Fire Service Exemplary Service Medal

And:
Minister of Veterans Affairs Commendation


----------



## Rheostatic (8 Jun 2012)

Fire Service Exemplary Service Medal

Canadian Honours Chart


----------



## dogger1936 (8 Jun 2012)

Thanks again guys! Thanks for the links.


----------



## fraserdw (8 Jun 2012)

Got it before me!   Keep up the pictures, I find it interesting the RCL's upper elite cannot muster up even a single CD!

I remember in the early eighties when the RCL called us "CF retirees" as if we were some lower form of military life.


----------



## armyvern (8 Jun 2012)

fraserdw said:
			
		

> Got it before me!   Keep up the pictures, I find it interesting the RCL's upper elite cannot muster up even a single CD!
> 
> I remember in the early eighties when the RCL called us "CF retirees" as if we were some lower form of military life.



Funny how there's a whole slew of members on here who are convinced they are much better soldiers than any member of the Legion. 

Please, tell me what her story is as you seem to be intimately familiar of it and worthy of judging her. Was she one of those WRENs who was injured and unceremoniously booted out of the CF prior to her 12 years of service --- one of those ones who then fought for us so that the same damn thing didn't continue to happen? Was she someone who inhereted over 10K and thus was unceremoniously booted out of the CF as used to be the common practise who has since fought to have such archaic rules corrected? Or one who was unceremoniously booted out after having a child - also an archaic rule of yesteryear that pers have fought to change for us?

Please advise as to why, all of a sudden, today's soldier suddenly believes that "number of years of service" means anything? No Pte's killed in WW2 are worthless because they served only a year before falling. Nor are those from Afghanistan. But, suddenly, apparently one is not a 'real' member of the CF unless they have a CD?

I've recently learned a new saying, "Hoop your forehead". Have no idea what it means, but here's to you.



_____
3 Federal parties came to an agreement on the NVA. All 3!! Unanimous consent. Two parties were snowballed (The NDP and the Cons) into believing that NVA would be BETTER for today's Vets and signed off on this non-partisan Act at the behest of the Liebrals. 

ONE of those parties -supposedly the only party that cares about Vets- is now in power and certainly should not be ignorant to the error of their previous ways.
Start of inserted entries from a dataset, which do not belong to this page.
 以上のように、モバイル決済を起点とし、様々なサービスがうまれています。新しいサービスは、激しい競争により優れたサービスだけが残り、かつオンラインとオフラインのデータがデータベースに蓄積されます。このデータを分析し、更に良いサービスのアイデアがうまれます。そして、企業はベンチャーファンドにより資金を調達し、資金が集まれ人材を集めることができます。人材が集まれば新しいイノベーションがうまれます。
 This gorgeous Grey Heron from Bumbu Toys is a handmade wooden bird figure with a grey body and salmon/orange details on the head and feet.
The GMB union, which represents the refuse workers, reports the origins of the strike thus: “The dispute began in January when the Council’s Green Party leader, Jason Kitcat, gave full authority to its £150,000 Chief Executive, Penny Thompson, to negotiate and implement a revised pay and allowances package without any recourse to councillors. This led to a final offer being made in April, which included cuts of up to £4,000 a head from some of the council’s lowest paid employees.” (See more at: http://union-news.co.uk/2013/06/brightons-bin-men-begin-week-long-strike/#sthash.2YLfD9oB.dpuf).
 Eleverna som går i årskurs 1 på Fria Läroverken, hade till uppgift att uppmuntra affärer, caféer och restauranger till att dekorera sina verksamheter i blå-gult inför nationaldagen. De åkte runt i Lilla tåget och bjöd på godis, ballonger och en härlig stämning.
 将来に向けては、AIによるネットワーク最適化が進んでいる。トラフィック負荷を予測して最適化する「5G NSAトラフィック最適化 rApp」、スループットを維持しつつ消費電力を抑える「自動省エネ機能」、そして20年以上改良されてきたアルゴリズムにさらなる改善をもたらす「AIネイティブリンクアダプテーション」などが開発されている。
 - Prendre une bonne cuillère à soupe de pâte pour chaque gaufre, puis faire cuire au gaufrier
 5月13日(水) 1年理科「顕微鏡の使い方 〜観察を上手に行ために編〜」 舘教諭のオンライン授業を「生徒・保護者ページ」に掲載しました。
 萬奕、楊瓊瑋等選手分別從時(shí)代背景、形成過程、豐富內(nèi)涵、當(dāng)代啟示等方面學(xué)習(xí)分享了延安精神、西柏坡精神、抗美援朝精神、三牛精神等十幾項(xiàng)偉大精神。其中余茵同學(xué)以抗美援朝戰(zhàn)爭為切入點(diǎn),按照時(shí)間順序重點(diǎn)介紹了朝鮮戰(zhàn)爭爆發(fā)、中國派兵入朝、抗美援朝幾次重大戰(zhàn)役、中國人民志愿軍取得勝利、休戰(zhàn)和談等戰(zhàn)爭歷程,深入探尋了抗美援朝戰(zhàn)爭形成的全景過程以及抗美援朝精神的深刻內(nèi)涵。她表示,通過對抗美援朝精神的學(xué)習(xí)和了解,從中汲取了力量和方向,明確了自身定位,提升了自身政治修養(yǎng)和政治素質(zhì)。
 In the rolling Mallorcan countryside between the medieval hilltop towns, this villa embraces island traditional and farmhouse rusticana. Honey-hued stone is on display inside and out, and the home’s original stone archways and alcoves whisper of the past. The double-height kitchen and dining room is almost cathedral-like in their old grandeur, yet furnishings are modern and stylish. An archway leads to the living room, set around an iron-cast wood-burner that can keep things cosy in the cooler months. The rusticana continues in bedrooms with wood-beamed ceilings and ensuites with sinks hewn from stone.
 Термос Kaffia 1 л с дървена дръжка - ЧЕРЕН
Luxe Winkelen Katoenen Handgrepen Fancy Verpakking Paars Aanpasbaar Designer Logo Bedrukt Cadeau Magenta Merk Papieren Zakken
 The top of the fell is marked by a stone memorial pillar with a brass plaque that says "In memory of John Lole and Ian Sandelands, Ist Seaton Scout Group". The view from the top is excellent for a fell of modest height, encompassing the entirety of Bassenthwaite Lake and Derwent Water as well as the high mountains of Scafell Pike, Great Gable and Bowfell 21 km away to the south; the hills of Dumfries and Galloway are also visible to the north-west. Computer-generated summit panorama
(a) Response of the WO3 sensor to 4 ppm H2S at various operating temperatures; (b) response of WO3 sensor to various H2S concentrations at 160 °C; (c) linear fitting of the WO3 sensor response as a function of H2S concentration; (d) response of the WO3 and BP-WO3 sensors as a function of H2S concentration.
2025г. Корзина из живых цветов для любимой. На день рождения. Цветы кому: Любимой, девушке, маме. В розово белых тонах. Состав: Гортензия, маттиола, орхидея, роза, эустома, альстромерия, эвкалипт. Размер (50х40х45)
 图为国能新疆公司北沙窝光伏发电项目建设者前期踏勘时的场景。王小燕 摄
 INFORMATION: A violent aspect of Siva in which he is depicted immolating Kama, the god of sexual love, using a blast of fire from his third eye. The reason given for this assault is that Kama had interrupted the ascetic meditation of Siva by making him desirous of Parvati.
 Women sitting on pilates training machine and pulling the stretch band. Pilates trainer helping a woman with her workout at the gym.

We've all, including the RCL (who was also led astray), let them know that they were led astray by the big red machine.  

Best part of all is that the current "only friends of Vets" party is also in power as a majority government. And yet, they've still done SFA to sort out either VAC or the NVA. The RCL executive is voted in by it's membership and I'm guessing you ain't one. That means you shouldn't be bitching about who they elect. Especially since the REAL elected officials who can change, won't change and who helped put in place the NVA currently ALL sit in Ottawa wearing, I'm only guessing, an even smaller per capita number of CDs than RCL members. But, be sure to hell they've all got their own QDJM and 50 more each to 'present' to their friends.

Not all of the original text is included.